BEGIN Recorded information

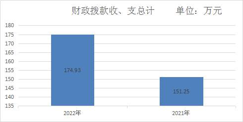 2022年度收、支总计174.93万元。与2021年相比,收、支总计各增加23.68万元,增长15.66%。主要变动原因是单位新增事业人员1名、正常调资、目标绩效奖增加、增加县巩固拓展脱贫攻坚成果同乡村振兴有效衔接督促检查组基本业务经费等。
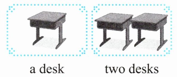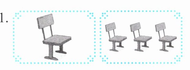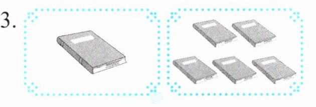 1. a chair, three chairs 2. a window, two windows 3. a book, five books
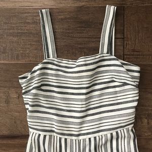 This black and cream jumpsuit has a shirring elastic back. Cropped length.

END Recorded information

Work to be completed:
All of the material above should be output exactly, with the pictures left behind.

Result:
 2022年度收、支总计174.93万元。与2021年相比,收、支总计各增加23.68万元,增长15.66%。主要变动原因是单位新增事业人员1名、正常调资、目标绩效奖增加、增加县巩固拓展脱贫攻坚成果同乡村振兴有效衔接督促检查组基本业务经费等。
 1. a chair, three chairs 2. a window, two windows 3. a book, five books
 This black and cream jumpsuit has a shirring elastic back. Cropped length.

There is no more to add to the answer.